[Rasch] Fan: > Is replicating Fan's research worthwhile? I'mvoting no for now...
ici_kalt at yahoo.com
Sun Nov 4 09:29:26 EST 2007
We have discussed many times that Rasch model is paradigmatic and that IRT tries to describe data. But we have to establish once and for always that the Rasch model IS NOT a part of IRT, even that models look similar the background is different. Is it possible to make a signed declaration to this regard? If not, let's sign a declaration saying that IRT and Rasch model are the same thing, but we must be clear on it (I prefer to say Rasch model IS NOT a part of IRT). Now, accepting that IRT only intends to describe data, I pass to the second part.
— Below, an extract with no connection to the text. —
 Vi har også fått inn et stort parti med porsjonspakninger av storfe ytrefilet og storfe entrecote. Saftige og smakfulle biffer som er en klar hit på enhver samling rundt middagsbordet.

It makes me noise to think that CTT and Rasch go in different ways, and even opposite directions. This is not the case and we all know that, otherwise how can we accept that the number right responses is sufficient to calculate the Rasch measure?
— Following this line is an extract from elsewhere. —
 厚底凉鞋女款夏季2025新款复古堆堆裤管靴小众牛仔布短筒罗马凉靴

What we can say with CTT is very close to what we can say with Rasch and viceversa, or quite close. But we have to make some distinctions.
Concerning item analysis:
1) Rasch analysis regards item difficulty and fit. We need to improve the fit models as they depend on N, population size.
2) CTT regards item difficulty and discrimination. If possible for everybody please don't consider point biserial correlation as item discrimination. rpbis is only a Pearson correlation between measures of persons and the dicothomy of right-wrong response: high correlation indicates that the item relates to the remaining items of the set, it is more associated to the validity of the item to measure the same variable as the set where it belongs; this correlation has nothing to do with discrimination, even if many authors and many of us are using rpbis to identify discrimination. Previous definitions of discrimination (say PD) as the difference between subgroups (high and low) are more comprehensible and correct.
Please note that there is a high correlation between rpbis and PD, so this is the reason why we use rpbis and not PD.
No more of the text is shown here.